APSNet 22 March 2010
- Report blasts hole in government’s plan to acquire new subs
- All-clear for nukes deal with Russia
- [Indonesia] Economic and defense ties on China-RI agenda
- As Taliban makes comeback in Kunduz province, war spreads to northern Afghanistan
- Policing Afghanistan: how afghan police training became a train wreck
- The new rules of war
- Australia has failed Hu in bid for open trial: expert
1. Report blasts hole in government’s plan to acquire new subs, Dan Oakes, SMH, 2010-03-19
Australia pays vastly more than other countries for defence equipment, a study has found. The study conducted in the US by McKinsey consultants, raise further concerns about how the federal government intends to acquire a fleet of 12 submarines to replace the trouble-prone Collins-class submarines.
- Need to dive deeper, Brian Toohey, AFR*, 2010-03-20
2. All-clear for nukes deal with Russia, Daniel Flitton, Age, 2010-03-19
The federal government has cleared the way to sell Australian uranium to Russia – rejecting fears that the nuclear material could find its way into atomic weapons. In a long-awaited response to a report calling for Australia to delay ratifying a Howard-era treaty with Russia, the government said that there was only a remote chance Australian uranium would be diverted to weapons programs.
- Value-subtracting: Form vs. substance in Australian uranium safeguard policy, Richard Leaver, Austral Special Report 09-08S, 2009-12-11, Austral Peace and Security Network, Nautilus Institute [PDF, 360 Kb]
3. Economic and defense ties on China-RI agenda, Lilian Budianto, Jakarta Post, 2010-03-20
Indonesia will seek to enhance economic and defense ties with China when the heads of the two leading economies in the world meet in Jakarta. The strategic partnership has translated into a number of cooperation deals, including the joint military production begun in 2008 and extradition agreement signed in 2009. Indonesia has also conducted joint military training with China, whose military budget is the world’s second largest after that of the United States.

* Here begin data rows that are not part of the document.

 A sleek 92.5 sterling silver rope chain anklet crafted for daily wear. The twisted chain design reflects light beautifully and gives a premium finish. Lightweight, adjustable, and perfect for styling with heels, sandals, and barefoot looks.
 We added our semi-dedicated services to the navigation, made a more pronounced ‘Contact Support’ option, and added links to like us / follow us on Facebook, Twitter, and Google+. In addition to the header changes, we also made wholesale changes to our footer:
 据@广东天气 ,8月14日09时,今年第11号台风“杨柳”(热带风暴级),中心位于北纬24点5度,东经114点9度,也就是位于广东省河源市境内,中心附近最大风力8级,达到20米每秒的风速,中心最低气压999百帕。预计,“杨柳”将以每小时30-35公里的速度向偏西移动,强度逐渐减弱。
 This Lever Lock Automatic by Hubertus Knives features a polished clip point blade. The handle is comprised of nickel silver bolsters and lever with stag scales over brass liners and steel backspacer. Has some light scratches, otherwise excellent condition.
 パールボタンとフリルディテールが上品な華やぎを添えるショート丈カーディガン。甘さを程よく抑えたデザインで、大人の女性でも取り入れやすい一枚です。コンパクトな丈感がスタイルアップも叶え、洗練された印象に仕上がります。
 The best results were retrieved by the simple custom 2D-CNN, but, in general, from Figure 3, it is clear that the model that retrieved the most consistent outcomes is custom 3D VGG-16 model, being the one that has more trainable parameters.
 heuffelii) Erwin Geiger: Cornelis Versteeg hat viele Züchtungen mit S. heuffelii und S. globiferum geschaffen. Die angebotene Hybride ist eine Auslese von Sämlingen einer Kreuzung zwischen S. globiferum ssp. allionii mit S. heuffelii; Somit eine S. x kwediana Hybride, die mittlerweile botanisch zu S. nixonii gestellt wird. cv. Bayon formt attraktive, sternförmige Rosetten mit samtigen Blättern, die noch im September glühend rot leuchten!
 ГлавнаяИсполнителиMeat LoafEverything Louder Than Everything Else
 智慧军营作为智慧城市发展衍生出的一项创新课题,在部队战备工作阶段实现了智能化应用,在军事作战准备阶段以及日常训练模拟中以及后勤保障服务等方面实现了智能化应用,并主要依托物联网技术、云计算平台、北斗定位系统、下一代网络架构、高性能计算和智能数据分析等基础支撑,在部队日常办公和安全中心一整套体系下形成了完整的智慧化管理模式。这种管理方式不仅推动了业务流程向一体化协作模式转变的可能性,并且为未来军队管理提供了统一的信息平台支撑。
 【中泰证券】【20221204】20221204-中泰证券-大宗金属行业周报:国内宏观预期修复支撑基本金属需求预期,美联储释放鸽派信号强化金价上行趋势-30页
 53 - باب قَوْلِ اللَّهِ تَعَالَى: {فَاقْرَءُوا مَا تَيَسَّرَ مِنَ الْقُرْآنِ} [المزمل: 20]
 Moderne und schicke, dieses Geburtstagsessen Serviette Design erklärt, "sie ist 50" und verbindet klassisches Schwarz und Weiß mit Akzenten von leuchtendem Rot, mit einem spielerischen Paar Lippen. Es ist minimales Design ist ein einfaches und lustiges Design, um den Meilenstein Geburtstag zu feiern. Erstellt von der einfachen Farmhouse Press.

4. As Taliban makes comeback in Kunduz province, war spreads to northern Afghanistan, Keith B. Richburg, Washington Post, 2010-03-19
For most of the past eight years, this northern province has been relatively peaceful. But the past year has brought such a dramatic Taliban comeback in Kunduz that Gen. Stanley A. McChrystal is planning to shift some of the ongoing troop reinforcements to the north of the country, the first significant American deployment to the region since the fall of the Taliban regime in 2001.

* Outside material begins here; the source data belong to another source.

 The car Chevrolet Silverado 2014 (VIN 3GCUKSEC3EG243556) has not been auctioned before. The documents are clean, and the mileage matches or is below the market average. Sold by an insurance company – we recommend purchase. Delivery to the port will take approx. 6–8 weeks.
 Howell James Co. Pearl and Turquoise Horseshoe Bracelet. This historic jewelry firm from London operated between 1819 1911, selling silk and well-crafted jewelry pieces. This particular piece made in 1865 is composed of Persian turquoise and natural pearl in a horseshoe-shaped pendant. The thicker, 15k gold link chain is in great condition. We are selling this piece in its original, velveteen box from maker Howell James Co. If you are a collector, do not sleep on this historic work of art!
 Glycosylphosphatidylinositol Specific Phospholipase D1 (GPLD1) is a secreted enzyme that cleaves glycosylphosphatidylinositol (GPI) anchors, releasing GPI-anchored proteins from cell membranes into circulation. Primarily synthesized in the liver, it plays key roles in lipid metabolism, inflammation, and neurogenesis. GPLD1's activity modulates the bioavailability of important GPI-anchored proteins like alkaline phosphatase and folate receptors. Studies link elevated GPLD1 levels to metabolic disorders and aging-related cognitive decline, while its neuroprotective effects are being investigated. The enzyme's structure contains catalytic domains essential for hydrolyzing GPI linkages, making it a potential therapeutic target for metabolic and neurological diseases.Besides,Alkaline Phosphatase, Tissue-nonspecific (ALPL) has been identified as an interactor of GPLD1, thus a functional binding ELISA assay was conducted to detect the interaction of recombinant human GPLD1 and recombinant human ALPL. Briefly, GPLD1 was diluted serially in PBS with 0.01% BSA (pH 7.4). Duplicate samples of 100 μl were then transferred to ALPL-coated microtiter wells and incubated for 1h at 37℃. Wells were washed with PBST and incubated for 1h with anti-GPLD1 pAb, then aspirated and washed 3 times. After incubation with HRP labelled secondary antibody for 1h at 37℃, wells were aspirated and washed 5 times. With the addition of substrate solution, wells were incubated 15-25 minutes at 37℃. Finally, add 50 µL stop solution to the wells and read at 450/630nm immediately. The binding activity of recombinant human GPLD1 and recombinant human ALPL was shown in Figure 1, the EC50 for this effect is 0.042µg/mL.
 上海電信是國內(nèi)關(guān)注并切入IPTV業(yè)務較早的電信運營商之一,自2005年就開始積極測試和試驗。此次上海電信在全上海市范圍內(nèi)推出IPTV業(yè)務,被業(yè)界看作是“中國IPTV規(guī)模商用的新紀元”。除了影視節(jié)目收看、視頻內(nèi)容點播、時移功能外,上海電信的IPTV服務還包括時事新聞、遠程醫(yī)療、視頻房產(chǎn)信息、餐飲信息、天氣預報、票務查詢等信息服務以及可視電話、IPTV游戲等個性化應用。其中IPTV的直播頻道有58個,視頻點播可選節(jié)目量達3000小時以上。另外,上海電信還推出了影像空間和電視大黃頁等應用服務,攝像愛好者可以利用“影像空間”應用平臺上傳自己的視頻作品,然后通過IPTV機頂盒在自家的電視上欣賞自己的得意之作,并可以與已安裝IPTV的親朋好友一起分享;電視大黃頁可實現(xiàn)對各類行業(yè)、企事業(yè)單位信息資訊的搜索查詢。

- Ministerial statement on Afghanistan, Transcript, Department of Defence, 2010-03-18
- Major Afghan offensive ‘under way’, Aljazeera, 2010-03-18
5. Policing Afghanistan: how afghan police training became a train wreck, Pratap Chatterjee, TomDisatch.com, 2010-03-21
The billion-dollar contract will be the linchpin of a training program for the Afghan National Police, who are theoretically to be drilled in counterinsurgency tactics that will help defeat the Taliban and bring security to impoverished, war-torn Afghanistan. The Pentagon faces a tough choice: Should it award a new contract to Xe (formerly Blackwater), or to DynCorp?

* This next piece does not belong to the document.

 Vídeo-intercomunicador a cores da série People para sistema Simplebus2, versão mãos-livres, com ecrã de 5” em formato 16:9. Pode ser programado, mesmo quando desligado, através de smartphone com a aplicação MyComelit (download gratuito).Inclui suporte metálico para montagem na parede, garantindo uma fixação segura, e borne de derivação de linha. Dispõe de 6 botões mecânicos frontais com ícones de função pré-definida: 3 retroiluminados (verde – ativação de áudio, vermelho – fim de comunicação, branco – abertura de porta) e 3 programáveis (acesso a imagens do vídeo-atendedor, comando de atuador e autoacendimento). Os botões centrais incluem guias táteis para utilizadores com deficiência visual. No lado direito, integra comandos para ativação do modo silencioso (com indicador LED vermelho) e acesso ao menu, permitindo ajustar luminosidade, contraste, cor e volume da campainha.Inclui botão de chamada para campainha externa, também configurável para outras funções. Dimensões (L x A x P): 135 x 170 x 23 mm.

6. The new rules of war, John Arquilla, Foreign Policy, 2010-03/04
The evidence of the last 10 years shows clearly that massive applications of force have done little more than kill the innocent and enrage their survivors. To focus the redesign effort, a moratorium would be declared on all legacy-like systems (think aircraft carriers, other big ships, advanced fighters, tanks, etc.). It should not be assumed that the huge sums invested in national defense have been wisely spent.
7. Australia has failed Hu in bid for open trial: expert, John Garnaut, Age, 2010-03-22
An expert on Chinese law has queried why the Australian government is “giving up so quickly” on transparency questions surrounding the trial of Rio Tinto’s chief iron-ore salesman in China, Stern Hu.